Issues with modularity maximization#
Resolution limit#
While these algorithms are very useful, they have problems. The first is called the resolution limit. This idea is basically that for a large network, small communities (even if very clear) can be impossible to detect for any modularity maximization algorithm. There is further discussion of this issue in Section 14.2.6 of Newman’s Networks book.
Overfitting#
Modularity maximization algorithms can also have the converse problem, that is, finding community structure when it is not present. This is best demonstrated by example.

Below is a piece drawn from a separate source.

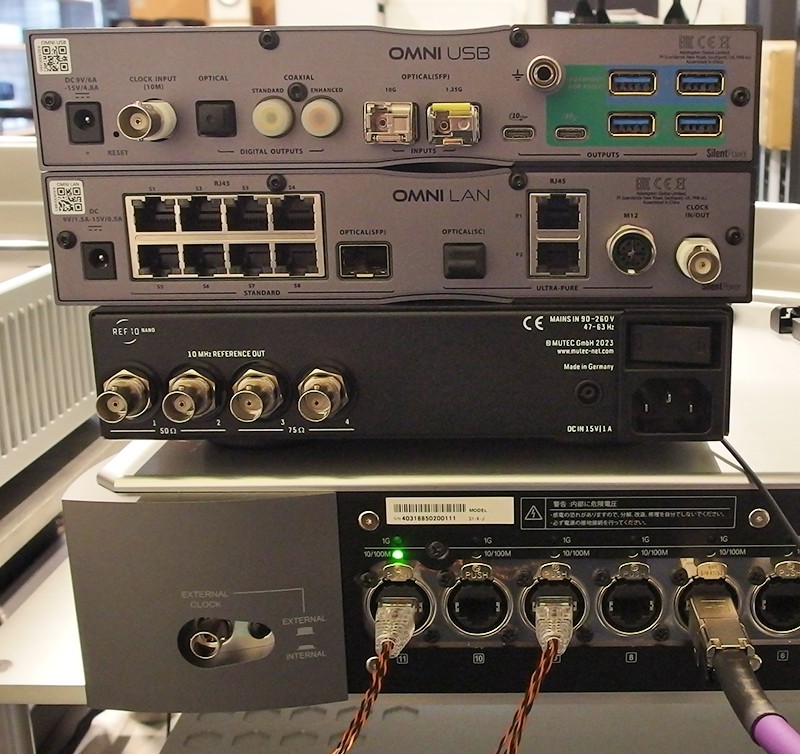 今回、接続を予定している機材達です。 上から順番に Silent Power OMNI USB 75Ω Silent Power OMNI LAN 75Ω REF10 NANO を挟んで DELA S1 50Ω となっていますので、50Ωと75Ωの両方の出力があるのは、本当に助かります。 さて、実際にこの3台へ REF10 NANO からクロックを供給して試聴しました。 粒子が細やかになり、静けさが上がります。 見事なほど外部クロック接続の良さが表現されました。 1台の機材へ供給するためだけに導入するとなると割高感を感じますが、2台以上への供給となればお得感が出てきます。 クロック入力が付いている機材を複数台お持ちの方にはおすすめできる良質なマスタークロックだと思います。 弊社決算時期と重なり、導入が後回しとなっている LUMIN の新型最高峰トランスポート U2X にも50Ωのクロックが接続出来ますので 弊社店頭では、4台の機材が接続可能となり、そのお得感が跳ね上がります。  |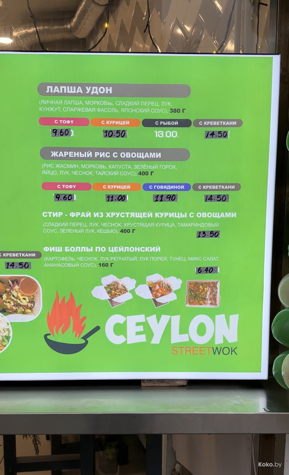Цейлоном раньше называлось островное государство Шри-Ланка, видимо, решили по старой памяти и назваться. Интересное наблюдение: старое кафе «Кокос» тайских рецептов Сумуду около кинотеатра «Октябрь» недавно рипнулось. А тут хоба - новая тайская еда, совпадение? Не думаю! В меню такие же фото, блюда тоже один в один, за раскалёнными воками стоят носители восточной культуры. Походу, парни решили работать на себя, выбрав неудачное место.

from graspologic.simulations import er_np
n_nodes = 100
A_er = er_np(n_nodes, 0.1)
leiden_partition_map = leiden(A_er)
nodes = np.arange(n_nodes)
partition_labels = np.vectorize(leiden_partition_map.get)(nodes)

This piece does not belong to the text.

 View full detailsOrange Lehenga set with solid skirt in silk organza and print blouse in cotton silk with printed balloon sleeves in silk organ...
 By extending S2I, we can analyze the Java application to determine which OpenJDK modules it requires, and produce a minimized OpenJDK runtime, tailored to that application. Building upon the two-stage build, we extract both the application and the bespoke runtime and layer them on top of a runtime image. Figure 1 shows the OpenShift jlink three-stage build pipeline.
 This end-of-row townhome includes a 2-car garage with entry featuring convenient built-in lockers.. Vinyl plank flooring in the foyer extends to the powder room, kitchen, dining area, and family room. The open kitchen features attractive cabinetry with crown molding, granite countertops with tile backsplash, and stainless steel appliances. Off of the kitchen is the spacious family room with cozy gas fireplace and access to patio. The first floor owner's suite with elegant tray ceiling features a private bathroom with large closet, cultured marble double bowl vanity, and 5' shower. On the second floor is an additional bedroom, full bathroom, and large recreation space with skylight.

_ = heatmap(A_er, inner_hier_labels=partition_labels, cbar=False)
Even for this very simple, completely random (Erdos-Renyi) network, Leiden found several communities - further, these communities do look more densely connected within. However, the key point here is that these “communities” arose completely by chance even with the simplest null model.
Alternatives to modularity#
While we haven’t had time to discuss them, there are many alternatives to modularity maximization for finding communities. For instance:
InfoMap#
InfoMap uses random walks and an information theory framework. The idea is that good communities should allow you to easily compress the amount of information that would be required to encode the path of a random walker.
Statistical inference (SBM + similar)#
Other code#
CDlib has a wide range of community detection algorithms.
NetworkX’s community section has a few algorithms.
graph-tool has some new tools for assortative community detection based on statistical models.
References#
Mark Newman. Networks. Oxford university press, 2018.
Tiona Zuzul, Emily Cox Pahnke, Jonathan Larson, Patrick Bourke, Nicholas Caurvina, Neha Parikh Shah, Fereshteh Amini, Youngser Park, Joshua Vogelstein, Jeffrey Weston, and others. Dynamic silos: increased modularity in intra-organizational communication networks during the covid-19 pandemic. arXiv preprint arXiv:2104.00641, 2021.
Michelle Girvan and Mark EJ Newman. Community structure in social and biological networks. Proceedings of the national academy of sciences, 99(12):7821–7826, 2002.
Vincent D Blondel, Jean-Loup Guillaume, Renaud Lambiotte, and Etienne Lefebvre. Fast unfolding of communities in large networks. Journal of statistical mechanics: theory and experiment, 2008(10):P10008, 2008.
Vincent A Traag, Ludo Waltman, and Nees Jan Van Eck. From louvain to leiden: guaranteeing well-connected communities. Scientific reports, 9(1):1–12, 2019.
Scott Emmons and Peter J Mucha. Map equation with metadata: varying the role of attributes in community detection. Physical Review E, 100(2):022301, 2019.
Tiago P Peixoto. Descriptive vs. inferential community detection: pitfalls, myths and half-truths. arXiv preprint arXiv:2112.00183, 2021.